Toxic ships

Miranda Kennedy May 26, 2006

TEXT OF STORY

MARK AUSTIN THOMAS: A decommissioned Norwegian cruise ship called the Blue Lady is steaming toward India’s west coast today on its final voyage. Unless the Indian Supreme Court says no, that ship will dock in the port town of Alang, where it will be dismantled for scrap. Ship scrapping is an important industry for Alang, but as Miranda Kennedy tells us, it also exposes workers to a host of toxic dangers.


MIRANDA KENNEDY: The stretch of beach at Alang looks like a nightmarish scene from the Industrial age.

Hundreds of men are blowtorching hulks of steel on the tar-stained ground. They’ll spend months breaking apart this dead cargo ship so it can be sold off as scrap.

A team of men, using their bare hands, pull a thick steel rope onto the deck. Most wear helmets, but there’s not a protective suit in sight-even though these old ships are riddled with asbestos and PCBs. Chatri Singh, a scrawny 30-year-old worker, says hardly any of them have any safety training.

CHATRI SINGH: We’ve all left our villages to come here and pull apart the ships. But I have no idea where this ship comes from. All I know is it’s really hard work.

A couple months ago, five workers were killed when a fire broke out after they cut open a pipe still filled with gas.

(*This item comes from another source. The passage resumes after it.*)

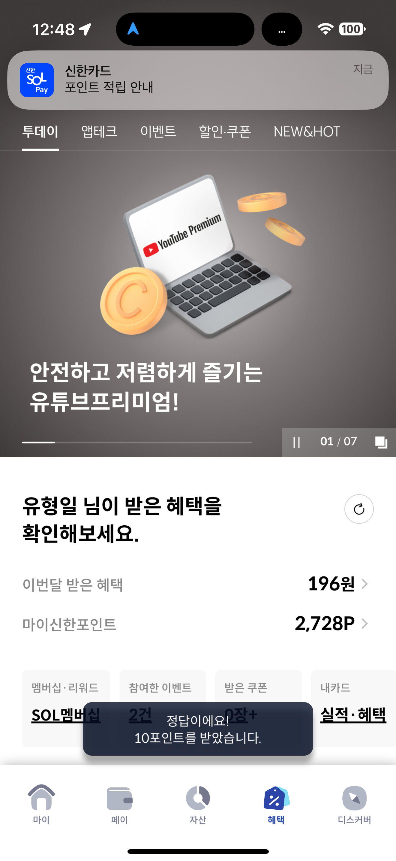 신한카드 퀴즈팡팡 1월 7일 문제입니다

Ahmad Islari is a doctor in the nearby town. He says that’s just par for the course.

AHMAD ISLARI: I have treated so many patients from Alang. There are two main problems that come from Alang, one is burns and the second is injury, minor and major injuries.

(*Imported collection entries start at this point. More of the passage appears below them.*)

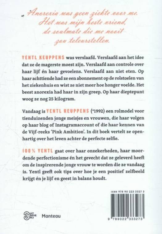 Yentl was verslaafd. Verslaafd aan controle over haar lijf én haar gevoelens. Verslaafd aan het idee dat ze de magerste moest zijn. Op haar achttiende had ze een abonnement op de rolstoelen van het ziekenhuis en wist ze niet meer hoe honger voelde. Het beest anorexia had haar in zijn greep. Op haar dieptepunt woog ze nog 25 kilogram.
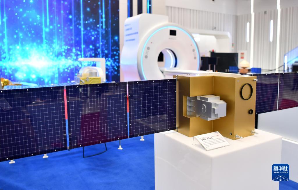 在安徽创新馆拍摄的“墨子号”量子卫星模型(2020年8月25日摄)。
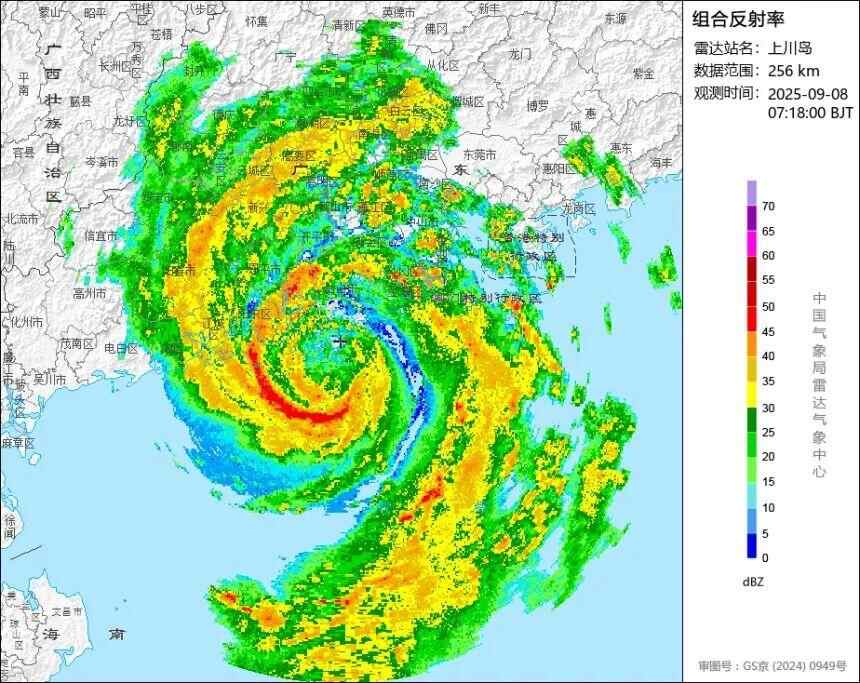 9月8日7时18分,接近登陆的台风“塔巴”气象雷达影像 中国气象局雷达气象中心上川岛雷达图

Greenpeace estimates that one in four Alang workers will get cancer. But Captain Kiritsin Gohil, the officer in charge of the port, says Alang gives people desperately-needed jobs, even if they only make $3 a day.

KIRITSIN GOHIL: If you think of the labor now, back home, where they come from, where there is abject poverty. So up here at least they’re at least getting three square meals a day and they’re earning enough money to send back to their families.

But maybe not for long. A few years back, when India was the world’s favorite destination for ship scrapping, 40,000 people worked here. There’s only 4,000 left. After an aggressive Greenpeace campaign against shipyard conditions, the government started enforcing labor laws and tightened pollution controls. Gohil says American and European ship owners simply don’t want to have to deal with all of that.

KIRITSIN GOHIL: They are fined very heavily and the work is stopped, maybe even the plot is taken away.

So they’ve found other places to send their decommissioned ships, like Bangladesh and Pakistan. By improving conditions in the shipyard, India may have killed off its industry of burying the world’s dead ships.

In Alang, I’m Miranda Kennedy for Marketplace.